In Twigg v. Admiral Insurance Co., the Oregon Court of Appeals held that an insurer need not indemnify its insured for damages arising out of a breach of a contract.
In this case, Weston and Carrie Twigg hired Rainier Pacific Development LLC (“Rainier Pacific”) to construct a new home. The Twiggs determined that the home was not constructed within the agreed upon and time and that Rainier Pacific’s work was defective in several respects. In particular, the Twiggs noted that the garage floor was sloped and cracked. Accordingly, the Twiggs filed an arbitration claim alleging that Rainier Pacific failed to construct the home in accordance with the approved plans and specifications and within the time provided. Eventually, the Twiggs and Rainier Pacific settled the arbitration claim by entering into a Settlement Agreement. The Settlement Agreement provided, among other things, that Rainier Pacific would repair a number of the alleged construction defects. These repairs included correcting the sloped and cracked garage floor.

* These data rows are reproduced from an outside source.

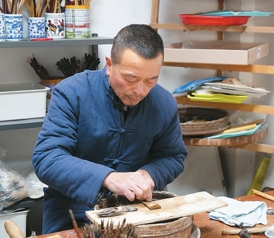 把毛料放在水中仔細(xì)清洗,就著燈光剔除一根根細(xì)微雜毛,將清理后的毛料聚合成圓直光滑、攏抱不散的錐形……走進(jìn)涇縣涇川鎮(zhèn)宣筆制作技藝代表性傳承人佘征軍的工作室,他正在為一支紫毫筆制作筆頭?!鞍拙右子性?shī)云,‘宣城之人采為筆,千萬(wàn)毛中揀一毫’。此句講的是宣筆制作工藝的復(fù)雜精細(xì)?!辟苷鬈娬f(shuō)。
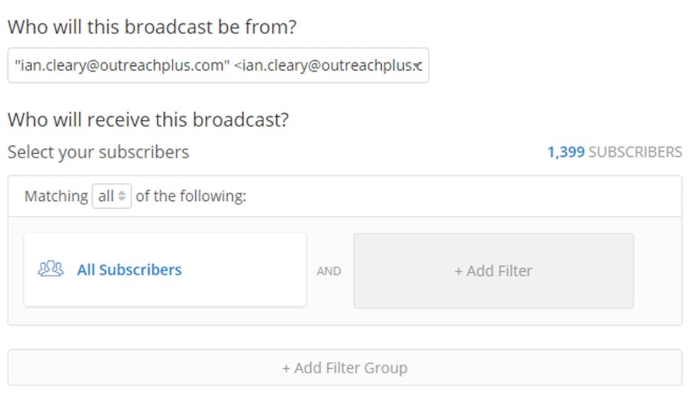 El primer paso es elegir qué suscriptores desea que reciban su transmisión o segmentar suscriptores en función de filtros específicos. A continuación, podrá seleccionar su plantilla de correo electrónico y escribir el contenido de su transmisión. Nada complicado al respecto.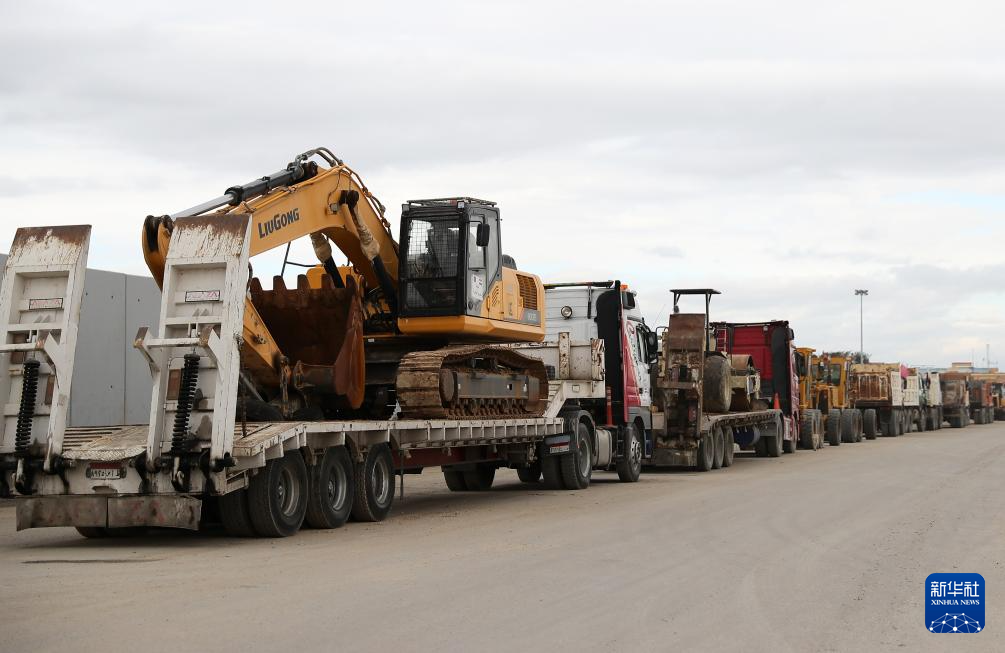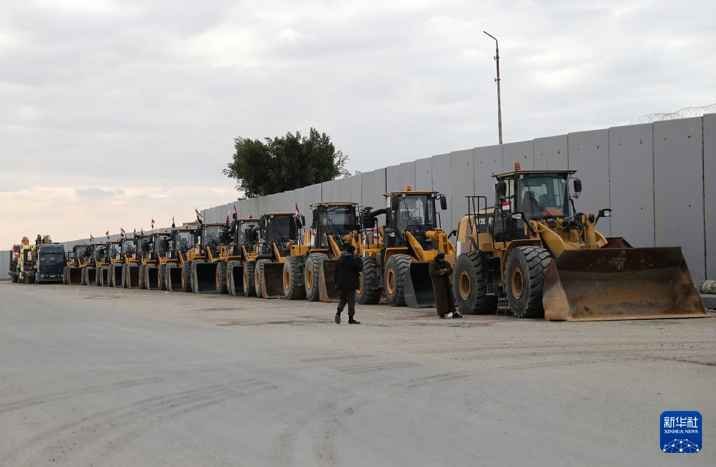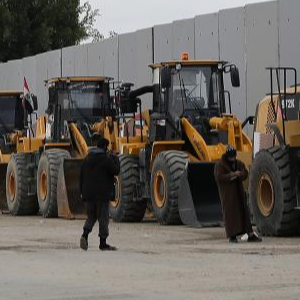 2月24日,工程车辆在拉法口岸埃及一侧等待进入加沙。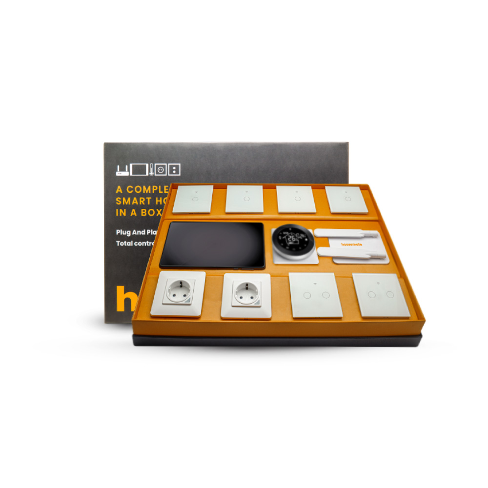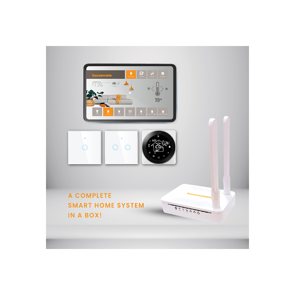 Έξυπνο πακέτο Housemate με hub, διακόπτες, πρίζες και θερμοστάτη. Ελέγχεις φωτισμό και θερμοκρασία με φωνή ή εφαρμογή, εύκολη εγκατάσταση χωρίς καλωδιώσεις και πλήρη διαχείριση όπου κι αν βρίσκεσαι.

After several months, the Twiggs determined that Rainier Pacific had not adequately completed the agreed upon repairs. Accordingly, the Twiggs filed a second arbitration claim against Rainier Pacific. The second arbitration claim alleged that Rainier Pacific failed to perform the repair obligations of the Settlement Agreement. In the end, the arbitrator found that Rainier Pacific breached the Settlement Agreement and awarded damages to the Twiggs in the amount of $605,594.80. Approximately $150,000 of this total was attributable to the cost to repair the garage floor. The arbitrator concluded that the relief was based upon common-law principles of breach of contract. The county circuit court thereafter entered a judgment against Rainier Pacific conforming to the arbitration award.
After entry of the Judgment, Rainier Pacific sought coverage for the arbitration award under its commercial liability insurance policy with Admiral Insurance Company (“Admiral”). However, Admiral denied coverage. Admiral noted that Rainier Pacific’s insurance policy provided coverage for property damage only if it was caused by an “occurrence,” which the policy defined as “an accident, including continuous or repeated exposure to substantially the same general harmful conditions.” Admiral reasoned that Rainer Pacific’s liability in the second arbitration claim was based upon of Rainier Pacific’s breach of its Settlement Agreement with the Twiggs, and therefore such liability did not arise out of an “occurrence” as that term was defined under the policy.
The Twiggs, standing in the shoes of Rainier Pacific, filed a lawsuit alleging that Admiral breached the insurance policy with Rainier Pacific by failing to pay the arbitration award. They argued that Admiral breached the insurance policy by failing to pay at least $150,000, an amount that allegedly represented the “accidental property damage to the new garage floor.”
The parties filed cross motions for summary judgment. Admiral argued, among other things, that Rainier Pacific’s liability was not covered by the policy because it did not arise from an “occurrence” as that term was defined under the policy. The trial court granted Admiral’s motion for summary judgment. In doing so, the court reasoned that that the case was controlled by Oak Crest Const. Co. v. Austin Mutual Ins. Co., 329 Or. 620, 998 P.2d 1254 (2000). In that case, the Oregon Supreme Court ruled that a claim premised upon the breach of a contractual duty was not an “occurrence” under similar policy language.
The Court of Appeals framed the issue on review as “whether the applicable Admiral insurance policy provide[d] coverage for the legal liability incurred by Rainier Pacific in the underlying arbitration proceeding.”
The Court of Appeals rejected the Twigg’s contention that the term “occurrence,” which was defined as “an accident,” could be reasonably understood by an insured to cover damages caused by mistakes in performing the repair obligations of the Settlement Agreement. Rather, the Court of Appeals emphasized that the Twiggs’ presented their arbitration claim as a claim for breach of contract. In the second arbitration, the Twiggs sought the stipulated contract remedies provided in the Settlement Agreement. Further, the claim was defended by Rainier Pacific as a breach of contract claim. Most significantly, the arbitrator understood the claim to be one for breach of contract.
The Court of Appeals agreed with the trial court that Rainier Pacific’s liability arose solely from the breach of a contractual duty and, therefore, was not an “occurrence” for which Admiral had a duty to provide coverage. Accordingly, the Court of Appeals affirmed the trial court’s grant of summary judgment in favor of Admiral.
Although the Court of Appeals noted that liability could arise from both a breach of a contractual duty and a breach of an independent duty of care not to tortiously damage property, it found that this issue was not relevant to the present facts. In particular, the Court of Appeals emphasized that the Twiggs second arbitration claim never contended that Rainier Pacific’s liability arose from a breach of any duty of care separate from the Settlement Agreement. Rather, the Twiggs only alleged that Rainier Pacific breached the Settlement Agreement.